The concept is familiar, but the name of this particular doctrine is new to us. The First Department, in Palmeri v Willkie Farr & Gallagher LLP Decided on December 28, 2017 enunciated the following:
“Here, plaintiff alleges not only that defendant breached its fiduciary duty when it terminated its professional relationship with him, but also when, until at least June 2011, it acted in a manner directly adverse to his interests. Where there is a series of continuing wrongs, the continuing wrong doctrine tolls the limitation period until the date of the commission of the last wrongful act (Harvey v Metropolitan Life Ins. Co., 34 AD3d 364 [1st Dept 2006]; see also Ring v AXA Fin., Inc., 2008 NY Slip Op 30637[U] [Sup Ct, NY County 2008] [applying continuing violations doctrine to General Business Law § 349 claim where initial payments occurred outside statute of limitations but “the insurer  continued to bill, and … [plaintiff] … continued to pay” within three years of filing suit]).
Here, plaintiff has presented evidence of a “continuing wrong,” which is “deemed to have accrued on the date of the last wrongful act” (Leonhard v United States, 633 F2d 599, 613 [2d Cir. 1980], cert denied 451 US 908 ; Harvey, 34 AD3d at 364). Indeed, the record contains evidence sufficient to create an issue of fact as to whether defendant breached its fiduciary obligations to plaintiff after June 2009 and well into June 2011 during its ongoing representation of the Ramius parties.

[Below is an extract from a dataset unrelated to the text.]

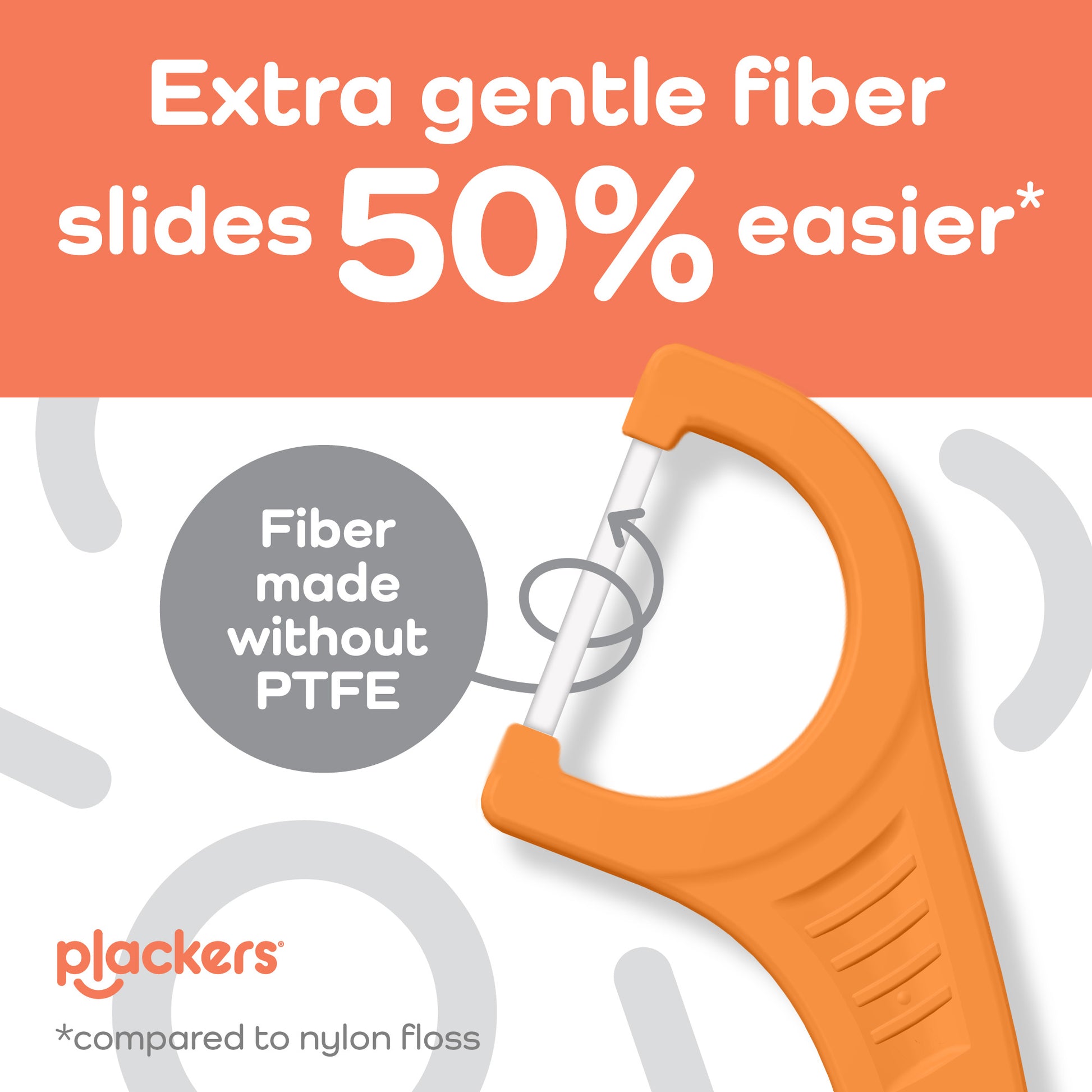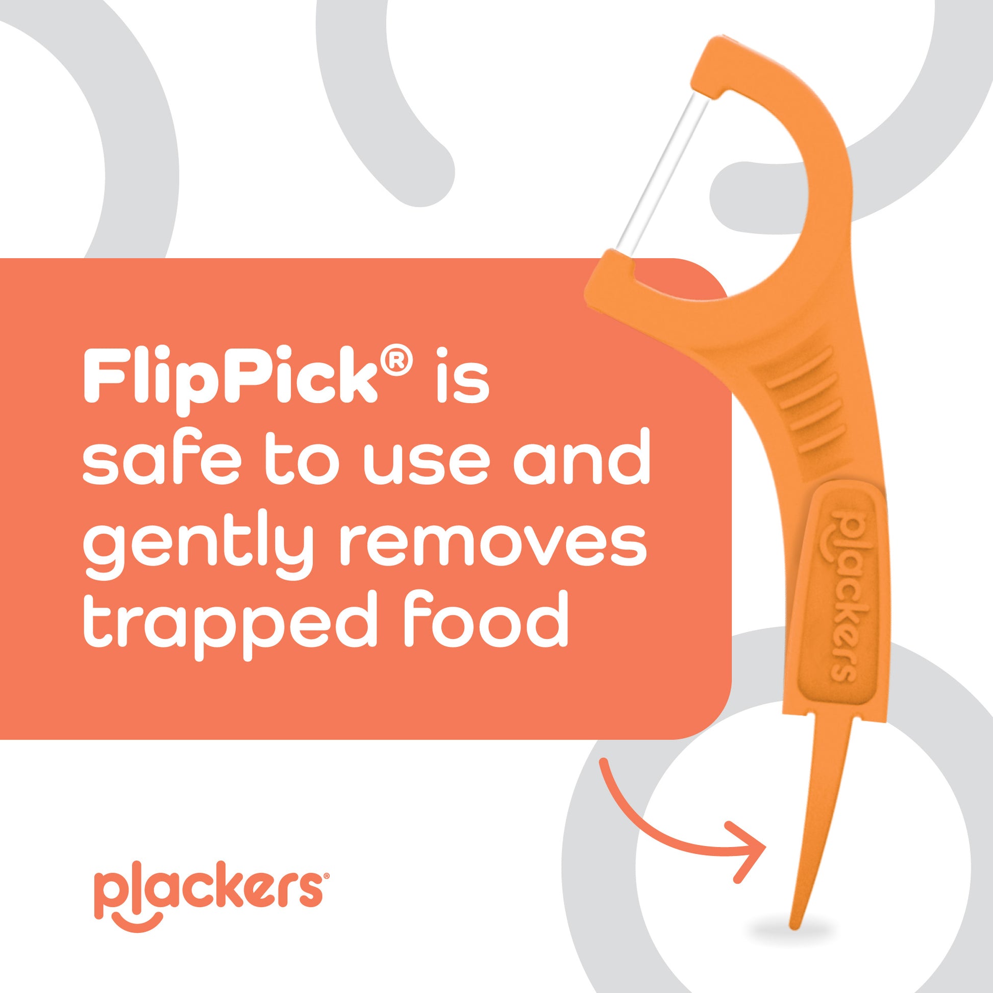 Plackers® Gum Defense Floss Picks, infused with Vitamin C, effectively remove plaque for healthier gums. GentleSlide® fiber is made without PTFE and it slides 50% easier* between tight teeth and is specially designed for sensitive teeth and gums. Unlike traditional end picks that remain exposed, Plackers® FlipPick® stays tucked away until you need it, reducing the risk of accidental pokes and discomfort. Enjoy an energizing tangerine flavor in every floss. Packaged in resealable bags. Daily flossing helps prevent gum irritation and maintain healthy teeth**. Healthy habits start with Plackers®.

For example, as noted, the record contains evidence that in the early portion of 2011, defendant helped Ramius identify witnesses who would testify against plaintiff at his FINRA disciplinary hearing. Similarly, defendant was present on behalf of Ramius and Ramius employees who testified at plaintiff’s FINRA hearing on June 28 through 29, 2011 — a hearing at which the employees gave testimony that was generally adverse to plaintiff’s interests. This evidence is sufficient for a fact-finder to determine that defendant breached its duty of loyalty to plaintiff, a former client (see Cooke v Laidlaw, Adams & Peck, 126 AD2d 453, 456 [1st Dept 1987] [ethical standards applying to the practice of law impose a continuing obligation upon lawyers to refuse employment in matters adversely affecting a client’s interests, even if the client is a former client]).”